United States District Court, E.D. North Carolina, Southern Division

June 6, 2019

JOYNEKA NAOMI JONES, Plaintiff/Claimant,
v.
NANCY A. BERRYHILL, Acting Commissioner of Social Security, Defendant.

          MEMORANDUM AND RECOMMENDATION

          Robert B. Jones, Jr. United States Magistrate Judge

         This matter is before the court on the parties' cross-motions for judgment on the pleadings [DE-35, -40] pursuant to Fed.R.Civ.P. 12(c). Claimant Joyneka Naomi Jones (“Claimant”) filed this action pursuant to 42 U.S.C. §§ 405(g) and 1383(c)(3) seeking judicial review of the denial of her application for Supplemental Security Income (“SSI”) payments. The pending motions are ripe for adjudication. Having carefully reviewed the administrative record and the motions and memoranda submitted by the parties, it is recommended that Claimant's Motion for Judgment on the Pleadings be allowed, Defendant's Motion for Judgment on the Pleadings be denied, and the matter be remanded for further proceedings.

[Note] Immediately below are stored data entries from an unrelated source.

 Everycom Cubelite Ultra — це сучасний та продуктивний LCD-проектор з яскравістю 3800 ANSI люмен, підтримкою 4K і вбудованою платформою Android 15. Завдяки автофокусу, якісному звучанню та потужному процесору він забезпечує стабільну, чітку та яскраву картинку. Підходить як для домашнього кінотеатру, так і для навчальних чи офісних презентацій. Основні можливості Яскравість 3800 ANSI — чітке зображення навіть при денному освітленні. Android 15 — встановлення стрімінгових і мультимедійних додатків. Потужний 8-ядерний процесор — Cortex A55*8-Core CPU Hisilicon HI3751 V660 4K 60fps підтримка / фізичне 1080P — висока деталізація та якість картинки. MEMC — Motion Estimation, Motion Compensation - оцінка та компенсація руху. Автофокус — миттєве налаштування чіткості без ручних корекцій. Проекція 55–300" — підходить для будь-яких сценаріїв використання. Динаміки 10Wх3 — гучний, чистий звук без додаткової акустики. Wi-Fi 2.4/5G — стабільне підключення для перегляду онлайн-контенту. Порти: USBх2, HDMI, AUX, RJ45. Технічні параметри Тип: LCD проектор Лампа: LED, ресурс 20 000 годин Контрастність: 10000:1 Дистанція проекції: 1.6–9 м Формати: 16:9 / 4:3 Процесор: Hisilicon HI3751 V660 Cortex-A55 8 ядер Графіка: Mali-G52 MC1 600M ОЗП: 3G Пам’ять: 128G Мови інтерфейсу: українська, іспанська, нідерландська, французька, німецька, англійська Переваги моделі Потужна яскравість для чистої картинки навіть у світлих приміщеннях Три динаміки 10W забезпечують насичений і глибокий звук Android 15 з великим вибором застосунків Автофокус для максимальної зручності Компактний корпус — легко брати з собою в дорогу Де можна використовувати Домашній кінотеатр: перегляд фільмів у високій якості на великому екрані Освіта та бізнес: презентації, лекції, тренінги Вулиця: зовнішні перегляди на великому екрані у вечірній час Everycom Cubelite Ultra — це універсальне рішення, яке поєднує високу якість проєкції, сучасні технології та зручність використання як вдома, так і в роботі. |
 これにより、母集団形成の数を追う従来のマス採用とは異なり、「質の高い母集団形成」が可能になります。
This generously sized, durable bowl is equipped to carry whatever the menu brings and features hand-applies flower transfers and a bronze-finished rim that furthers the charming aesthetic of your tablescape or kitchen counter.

         I. STATEMENT OF THE CASE

         Claimant protectively filed an application for SSI benefits on August 28, 2012, alleging disability beginning December 1, 2005. (R. 183-88). The claim was denied initially and upon reconsideration. (R. 75-103). A hearing before an Administrative Law Judge (“ALJ”) was held on January 29, 2015, at which Claimant, represented by counsel, and a vocational expert (“VE”) appeared and testified. (R. 37-74). On March 12, 2015, the ALJ issued a decision denying Claimant's request for benefits. (R. 18-36). On August 19, 2016, the Appeals Council denied Claimant's request for review. (R. 1-7). Claimant then filed a complaint in this court seeking review of the final administrative decision. (R. 605-07). The Commissioner moved to remand the case, and the court allowed the motion and remanded the case for further proceedings. (R. 614-15).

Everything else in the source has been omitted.